Re: Mars Sample Return (MSR)

By alluding to the the complications involved in returning a sample of Mars's surface to Earth, I meant to show it up as a futile excercise in time and expense for little or no useful result. On site landers suitably equipped and remotely operated via orbiting links to and from Earth, not requiring realtime, would accomplish whatever was indicated by manipulators under offline control by scientists on Earth as the results of ongoing excavations, sample taking and analyses proceed for the operational life of the landers ...

For starters there is no real-time operation, barring a human on Mars.  Second no one's willing to pay for a complete Martian communications network and likely won't until it seems certain humans will be arriving there within say 6 years (the proposal for a Mart Telecommunications Orbiter was scrapped a few years ago sadly).  Third, although they do great science...all landers operate with less power available than the average incandescent light bulb; that says they're efficent but it ALSO says they have EXTREMELY LITTLE POWER TO SPARE.  Give a two-pound rock to a full laboratory and they'll establish its geologic age, full mineral composition, and the structure of even microscopic crystals within.  What the landers/rovers do may be on site, but what they're forced to work with is meager for laboratory equiptment...i.e. a hand magnifying glass compared to either an angstrom or electron microscope.

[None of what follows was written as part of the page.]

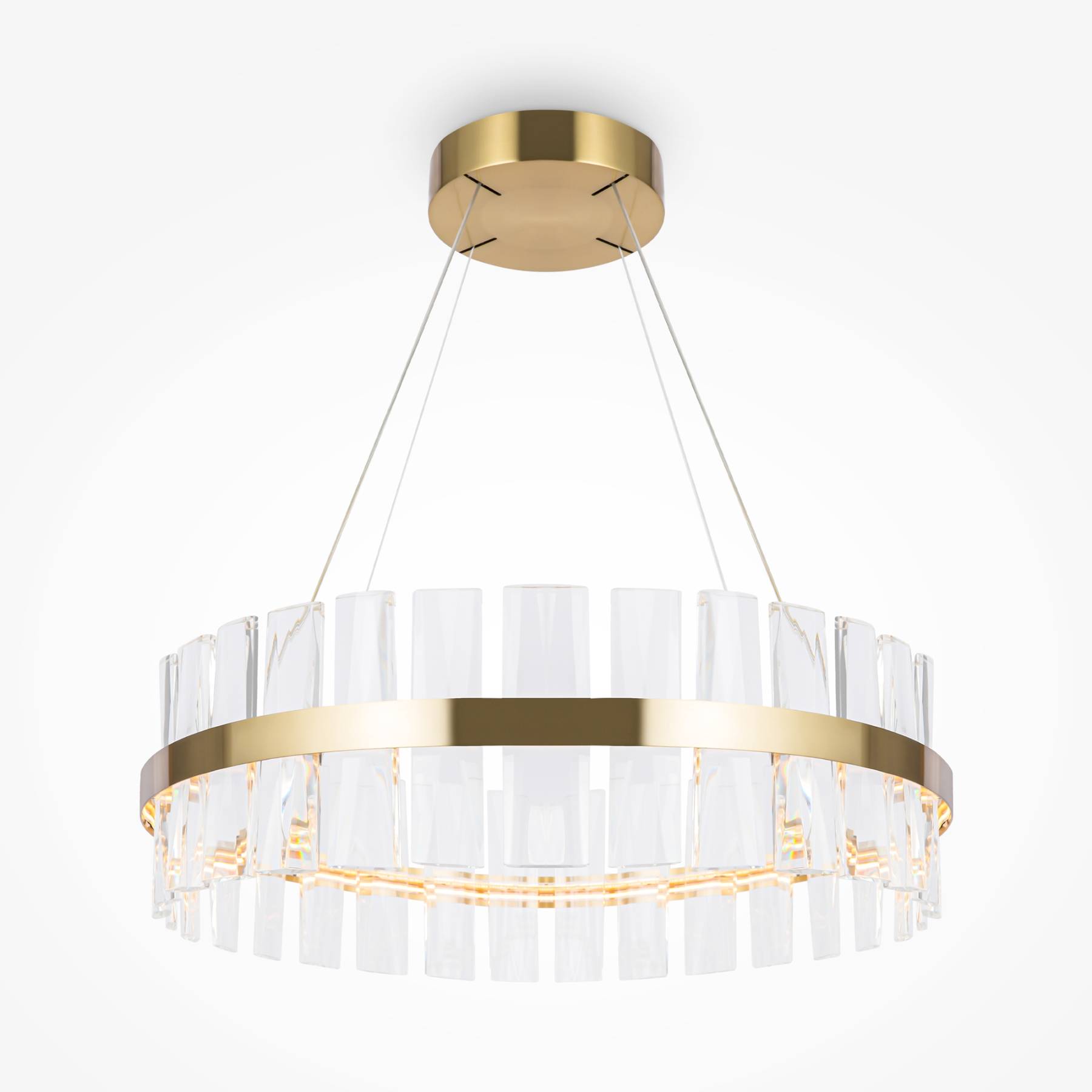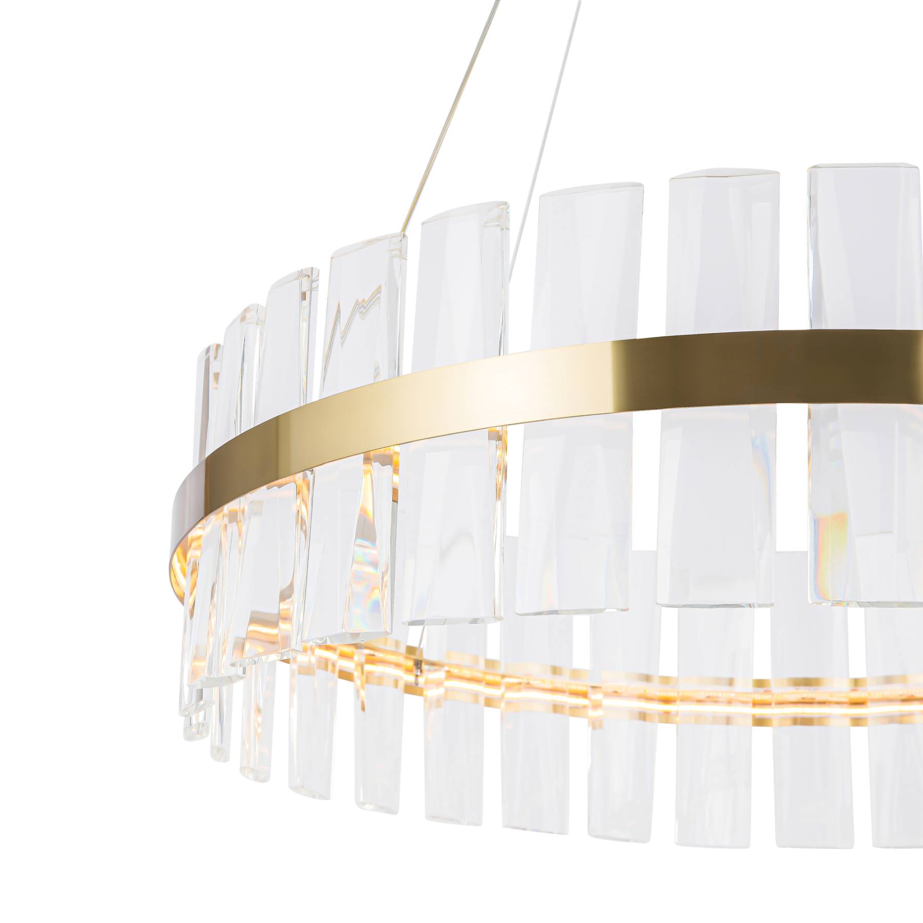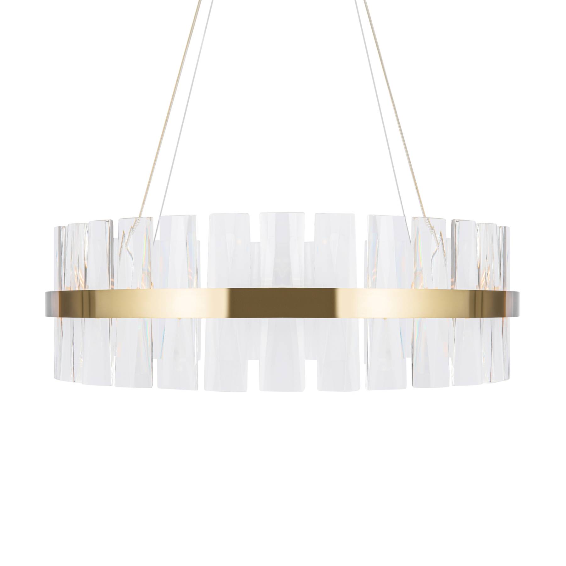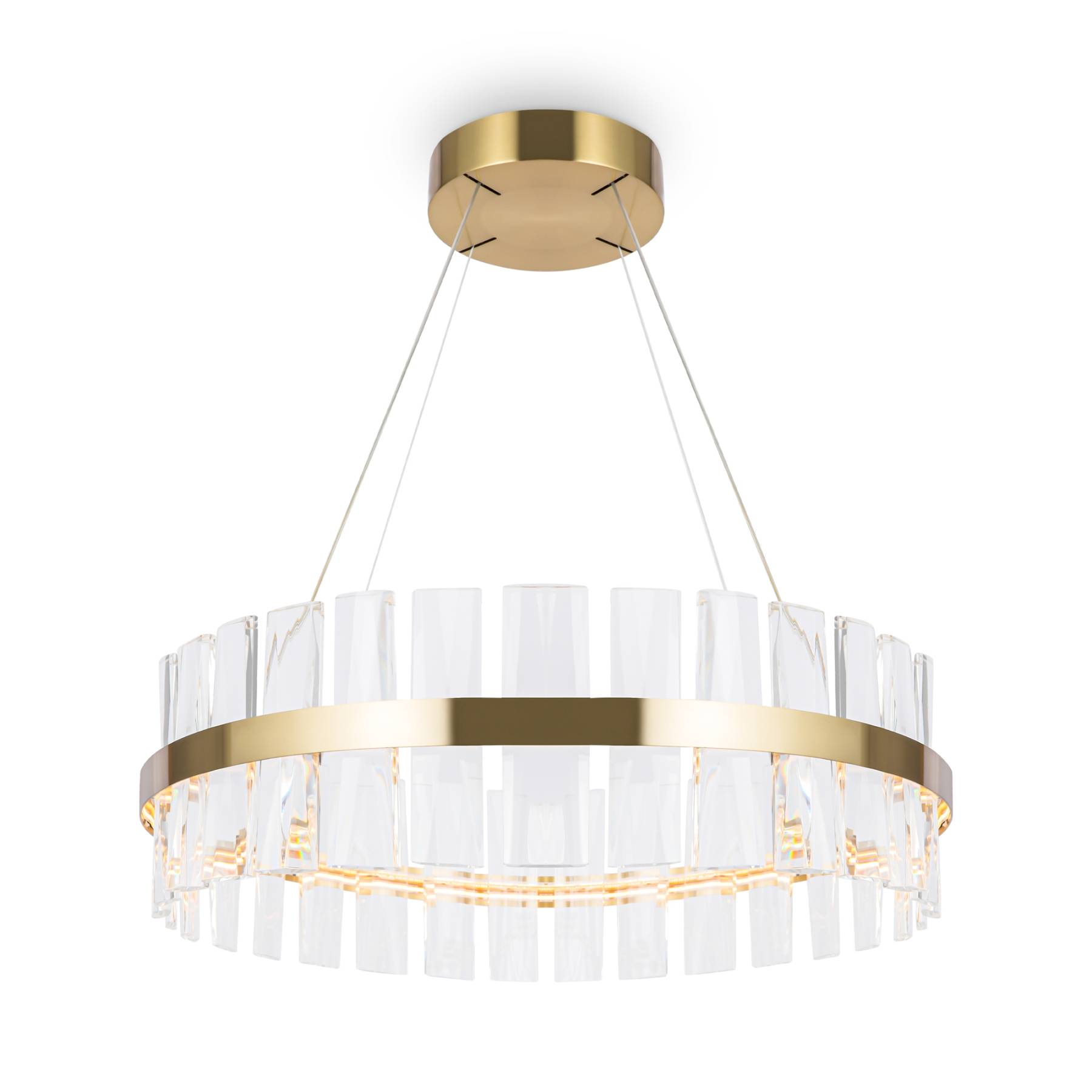 Материал арматуры - металл, цвет - латунь. Декор - объемные прозрачные хрустальные элементы с чередующимся рисунком. LED источник света, цветовая температура - 3000К. Регулируемая длина тросов.

I think we should continue sending science landers and put as much into them, but at least one sample return ought to be attempted.  I do agree there's been TOO MUCH hoope-la over making it happen.  Just send a simplified package to do a local core or sample, seal it up in a vaccum-packed insulated pod, synthesize the fuel on site, and blast off direct to Earth.  If we can get a comet sample ala Stardust we ought to be able to do the same with Mars.  I think it's just the biohazard worry coupled with too many scientists/engineers cramming their hands into the MSR cookie jar.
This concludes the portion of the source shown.